В ответ на такой неожиданный инструктаж я выпалил: "Товарищ командир, какой из меня староста, я только сегодня прибыл и не знаю ваших порядков". А в ответ: "Прекратить пререкания! Какой я тебе товарищ! Обращаться ко мне: "гражданин начальник корпуса". Времени у вас впереди много, приучим к порядку. А вы, — обратился он ко всему строю, — старосте обязаны подчиняться, за всякое нарушение дисциплины одним из вас камера будет лишаться прогулки, пользования лавочкой, передач, и нарушитель будет водворен в карцер. Все ясно?"
И снова металлический звук закрываемой двери. Очередь к параше. В двери открывают кормушку: "Прекратить разговоры!" "Отбой!"

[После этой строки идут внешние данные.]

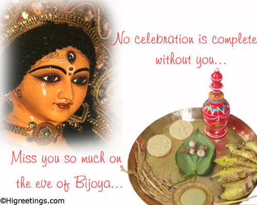 No celebration is complete without you. Miss you so much on the eve of Bijoya. Send your warm wishes to your family who is far away on Durga Puja. Pass your heartfelt messages through this Durga Puja greeting card to your loved ones.
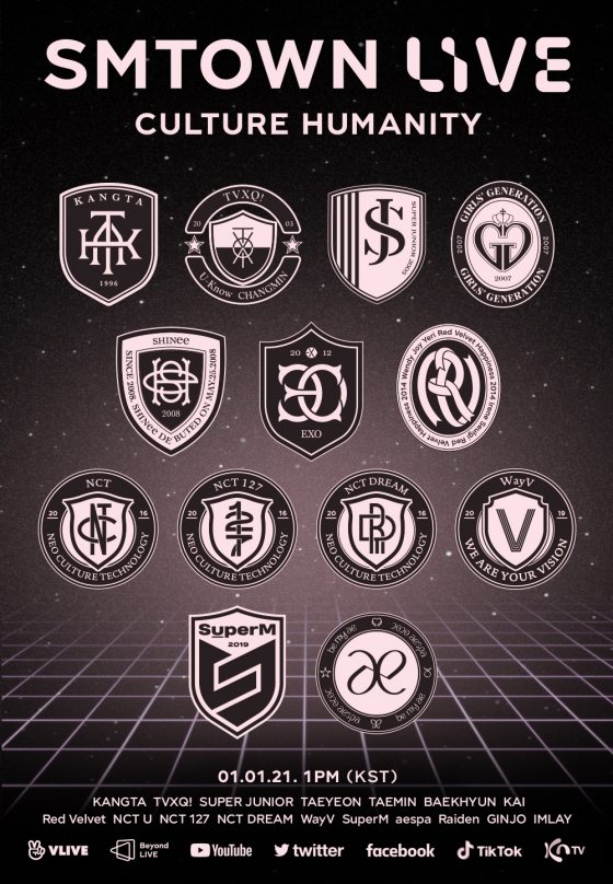 28일 오전 SM엔터테인먼트는 이 같은 사실을 공식 발표했다. SM엔터테먼트에 따르면 1월 1일 오후 1시(한국시간 기준)부터 공개될 'SMTOWN LIVE Culture Humanity'(에스엠타운 라이브 '컬처 휴머니티')는 네이버 V LIVE의 Beyond LIVE 채널을 비롯한 유튜브, 트위터, 페이스북, 틱톡, 일본 KNTV 등 각종 플랫폼을 통해 중계, 전 세계 팬들에게 무료로 공개된다.
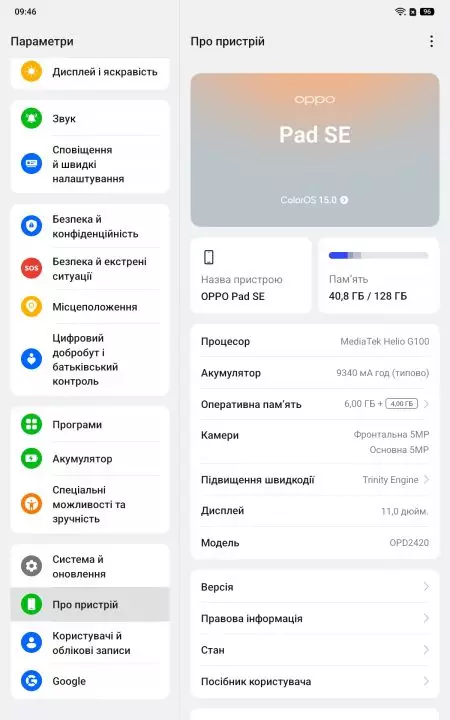 Characteristics of the Oppo PadSE tablet (OPD2420)
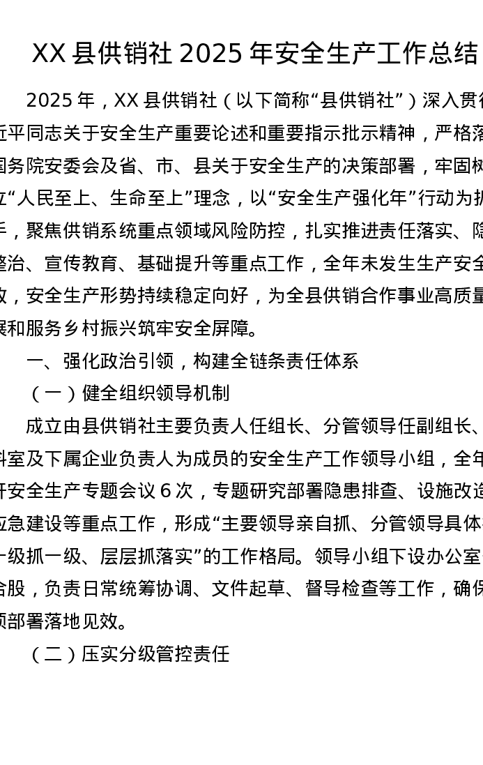 XX县供销社2025年安全生产工作总结
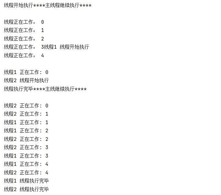 运行这段代码,你会发现 "线程 1" 和 "线程 2" 交替输出内容,主线程也不会等待子线程完成才执行后续代码,这就是多线程的 "并行" 特性 ------ 多个线程在 CPU 中交替执行,看起来像是同时运行。
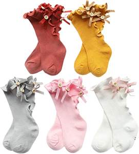2022 Hotsale Cotton Bow socks Newborn Baby Girls Knee High Socks Ruffled Toddler Long Socks
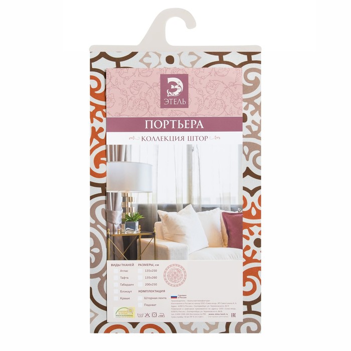 Штора портьерная "Этель" Дамаск цвет бежевый 130х250 см, блэкаут, 100% п/э

Так началась моя вторая тюремная ночь на новом месте — в Бутырках. Лежу на голых жестких нарах. Мне не до сна. Опять жуткие мысли сверлят мозг, до страшной головной боли одолевают меня. Вдруг слышу шепот соседа по нарам, пожилого человека лет пятидесяти пяти, как потом узнал, он был начальником цеха на автозаводе (фамилии точно не помню, кажется, Струков): "Держись, товарищ, — обращается он ко мне, — не то увидим, не то еще услышим. Жизнь прожить — не поле перейти. Ты молод и силен, все выдюжишь. Знаешь поговорку: от сумы и тюрьмы не зарекайся. Кто не был, тот будет. А кто был, тот век не забудет. Спокойной ночи, сынок!" Еле сдерживая слезы, я пожал ему руку. Как часто потом на этапе и в лагерях вспоминал я этого человека!

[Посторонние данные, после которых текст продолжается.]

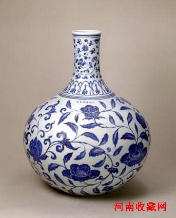 明代是中国古代青花瓷器生产的黄金时期,青花瓷作为瓷器生产的主流亦在宣德朝达到了其制作的顶峰。宣德年间使用的青料,大部分是进口钴料,即所谓“苏泥勃青”料。因含铁量高,含锰量低,在适当的火候下,能烧出像蓝宝石一样鲜艳的色泽,且烧成后往往在青花部分会出现有金属光泽的黑色斑点,形成宣德青花瓷器的重要特征。这件宣德青花天球瓶的青花色泽与一般宣德青花发色不同,从其发色清淡的呈色效果上看,宣德青花器并不全都使用进口钴料,也还使用部分国产青料。其纹饰题材以花卉瓜果为主,云龙海水为辅,构成了四季鲜花竟相开放,四时瓜果同时飘香的独特风格。石榴花、菊花、莲花、牡丹、百合、茶花、宝相花、牵牛花、射干花等较为常见。每件器物多以偶数种类的花卉,通过不同形式组合在一起,形成变化丰富的花纹装饰。反映了明代瓷器装饰所取得的艺术成就。
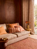 This peach linen cushion features our hand-painted Bold Stripe design, offering a subtle nod to 1960s pop colour
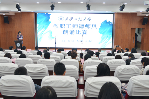 2017年11月15日下午,PP电子在临潼校区图书馆一楼报告厅举办教职工师德师风朗诵比赛。比赛以“颂扬师德、赞美教师、感念师恩”为主题,由校工会、人事处、校团委联合举办,来自全校14个基层工会的21组选手参加了比赛。校党委副书记兼工会主席李博飞、校党委副书记赵小峰、副校长樊増禄观看了比赛并为获奖选手颁奖。

Всю ночь во сне я видел какие-то кошмары и все же утром следующего дня проснулся довольно бодрым и, как мне показалось, внутренне собранным.
Дни потекли, как близнецы похожие один на другой. Пятнадцатиминутная прогулка в тюремном дворике за высокой толстой стеной из красного кирпича. Вывод по утрам всей камеры на оправку в конец коридора. Там была уборная с несколькими водопроводными кранами. Мы поливали друг друга холодной водой с головы до ног, смывая въевшийся в тело пот. На прогулке во время хождения по кругу некоторые из нас пытались делать физические упражнения, но попытки эти пресекались надзирателями: "Прекратить!" "Руки за спину!"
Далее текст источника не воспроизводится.